As I write this on Black Friday, the reminders of my shipping addiction are relentlessly chasing me. I’m the tiny rabbit in a field of foxes. Most people think of a shopping addiction, and they’re instantly annoyed reminded of a movie. Others think of it as a “normal” addiction, or something that isn’t really a problem. We all shop, right? Well, yes and no.
I’ve always known I have a pretty addictive personality. I avoid alcohol. I’ve never tried drugs or smoking. For a long time, I didn’t realize that shopping was my addiction. It was what soothed my emotions. When things were wrong, I shopped. When things were right, I shopped. When things were numb, I shopped.

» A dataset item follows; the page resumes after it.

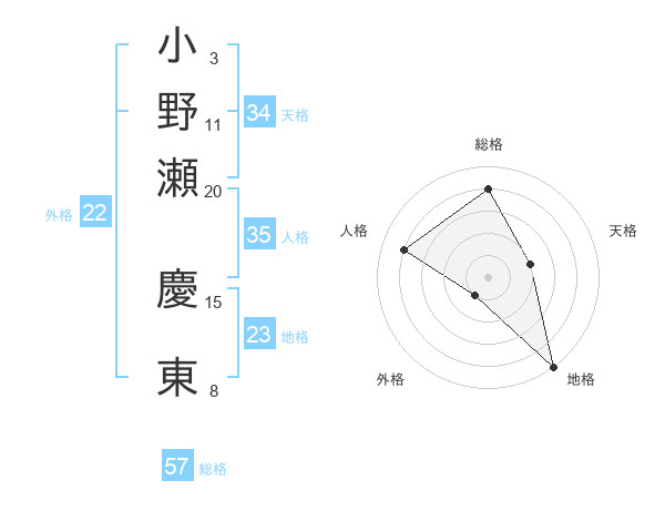 小野瀬 慶東さんを姓名の画数から五運を鑑定

What does a shopping addiction look like? For me, it looked like daily packages, closets full of new bags, multiple copies of the same thing, unnecessary electronics, and multiple trips to the mall. My shopping addiction led to having no savings, multiple credit card bills, and a feeling of hollow emptiness.

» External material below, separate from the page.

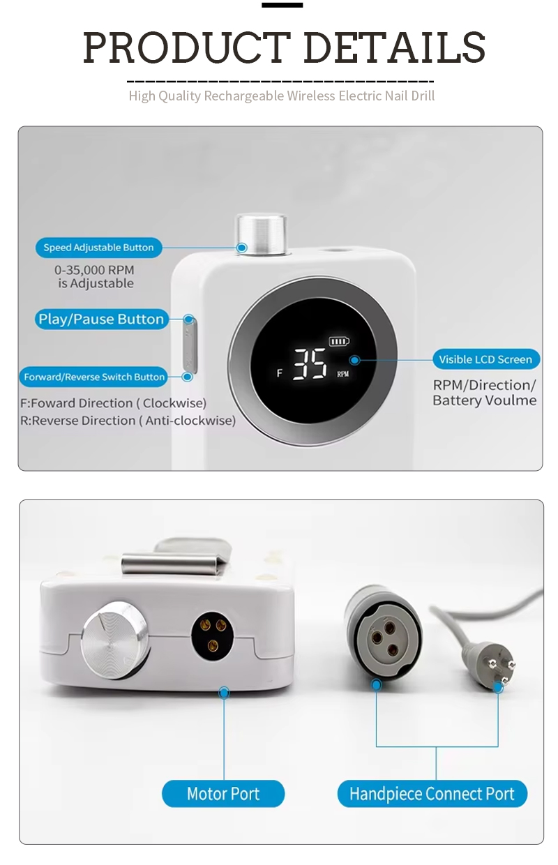 I-Nail Drill Setha Ifayela Logesi Lochwepheshe 65w 35000rpm

When I finally realized I had a problem, I was fully in debt. I was struggling to go to a mall without getting the shakes (literal shaking). I was struggling to trust myself to use my cell phone or iPad without ending up on a website that required money. I was feeling incredible guilt and shame after each shopping trip. I was struggling to make ends meet due to my shopping habits.
When I realized my shopping problem, I visited my first therapist. My problem… shopping. The first therapist was much older, and she didn’t quite take me seriously. In fact, during our fifth session, she fell asleep. In my anger, I told myself it my problem was boring enough for my therapist to fall asleep then I clearly didn’t have a problem at all. My behavior continued. The credit card bills continued to pile up, as did my accumulation of stuff. The interesting thing about the stuff is that the rush only came as the payment was made. After the purchase, the feeling would be replaced with utter disgust and shame.

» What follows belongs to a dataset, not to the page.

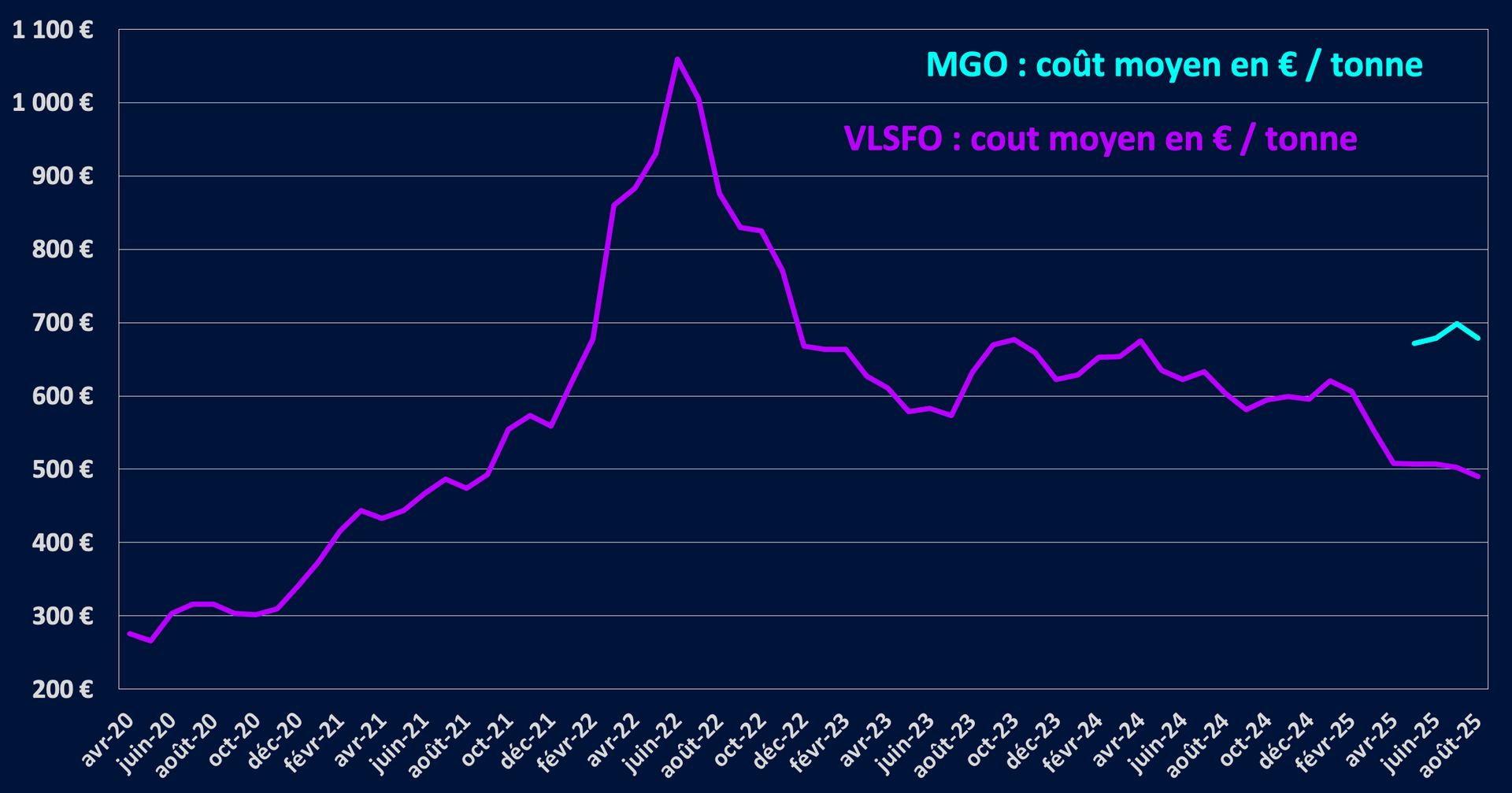 Following the COVID crisis in 2020, there is a global desire for decarbonization and the cost of a ton of crude oil continues to increase. The cost of VLSFO (very low sulfur fuel oil) doubled between June 2020 and today; it is currently on average at more than 650 € per ton.

A few years went by before I noticed how bad my addiction was. Once I noticed, I tried meditation, self-help books, psychology techniques on my own, 4 more therapists, and much more. My addiction is still a work in progress. It’s much easier to not shop now, but I still have bad days. I try to avoid the mall. There are trips where I still get a bit of the rush and shakiness. I try to be mindful of my internet usage. Am I ending up in an online retailer? If so, am I buying what I need? This is something I deal with on a daily basis. Checking in with myself daily is very necessary to keep myself aware of my intent. There are days when I reach out to friends to see if I’m overdoing it. There are days when I need to redirect my attention elsewhere. Like any other addiction, my shopping addiction requires a day by day approach, and that’s ok.